Section 2775 and Dynamex do not apply to several occupations. For workers in the exempt occupations, the multifactor test of S.G. Borello & Sons, Inc. v. Department of Industrial Relations, 769 P.2d 399 (Cal. 1989), governs in determining whether the worker is an employee or an independent contractor. Although Dynamex was initially limited to wage orders, with Borello applying outside that context, the California legislature codified the ABC test and expanded its applicability through the enactment of Assembly Bill No. 5 (AB 5) in 2019.

Plaintiffs hire doorknockers and signature gatherers, which they purport to hire as independent contractors. Plaintiffs claimed that the California law violates the First Amendment because it discriminates against speech based on its content by classifying their doorknockers and signature gatherers as employees or independent contractors under the ABC test while classifying direct sales salespersons, newspaper distributors, and newspaper carriers under Borello.

The court accepted, for present purposes, plaintiffs’ assertion that application of the ABC test to their doorknockers and signature gatherers increased the likelihood that they will be classified as employees. The court also accepted that classification of their doorknockers and signature gatherers as employees might impose greater costs on plaintiffs than if these individuals had been classified as independent contractors, and that as a result they might not retain as many doorknockers and signature gatherers.

Such an indirect impact on speech, however, does not violate the First Amendment. Section 2783 does not target certain types of speech. Unless an occupational exemption exists, the ABC test applies across California’s economy. Thus, plaintiffs were not unfairly burdened by application of the ABC test to their doorknockers and signature gatherers.

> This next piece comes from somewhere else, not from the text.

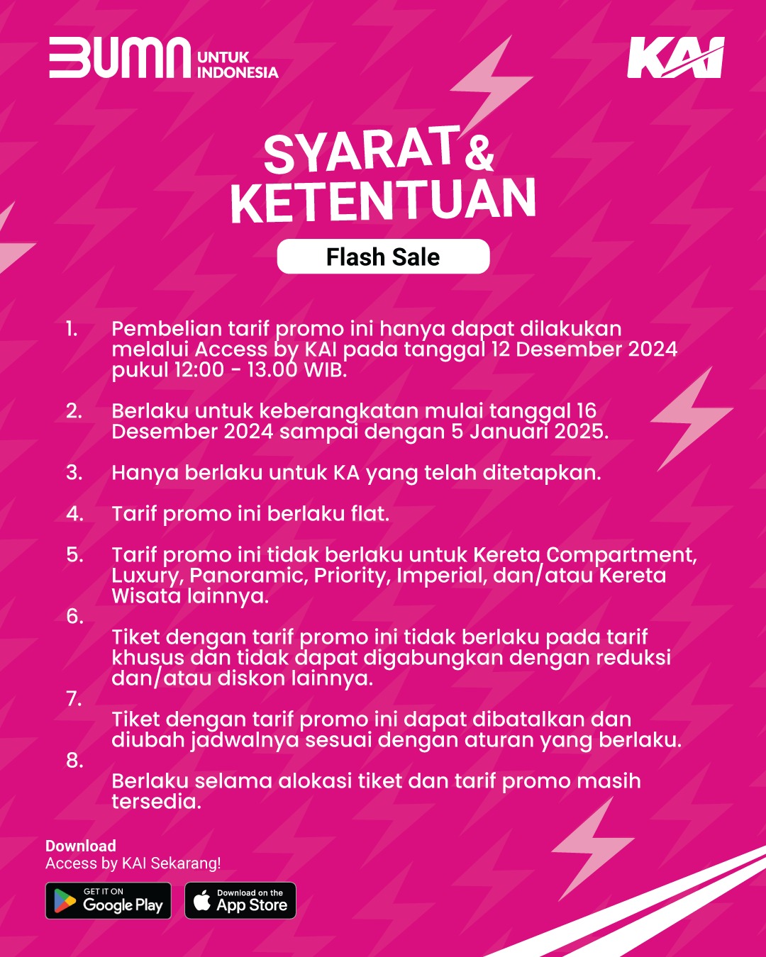 1. Pembelian tarif promo ini hanya dapat dilakukan melalui Access by KAI pada tanggal 12 Desember 2024 pukul 12:00-13.00 WIB.

The court also rejected plaintiffs’ assertion that statutory exemptions for direct sales salespersons, newspaper distributors, and newspaper carriers constituted content-based discrimination. The exemptions do not depend on the communicative content, if any, conveyed by the workers but rather on the workers’ occupations. Although determination of whether an individual is, for example, a direct sales salesperson might require some attention to the individual’s speech, the US Supreme Court has rejected the view that any examination of speech or expression inherently triggers heightened First Amendment concern.

Because plaintiffs had not established a colorable claim that their First Amendment rights had been infringed, or were threatened with infringement, they had not demonstrated a likelihood of success on the merits. The district court did not abuse its discretion in denying a preliminary injunction.

Dissenting, Judge VanDyke stated he would reverse the denial of a preliminary injunction. The governmental burdens challenged here turned primarily on what is said, not labor distinctions unrelated to speech. Regardless of whether such content-based distinctions hide under the veneer of a labor classification, the First Amendment’s protections remain the same. Plaintiffs face cost-prohibitive expenses because of the content of the speech in which they engage.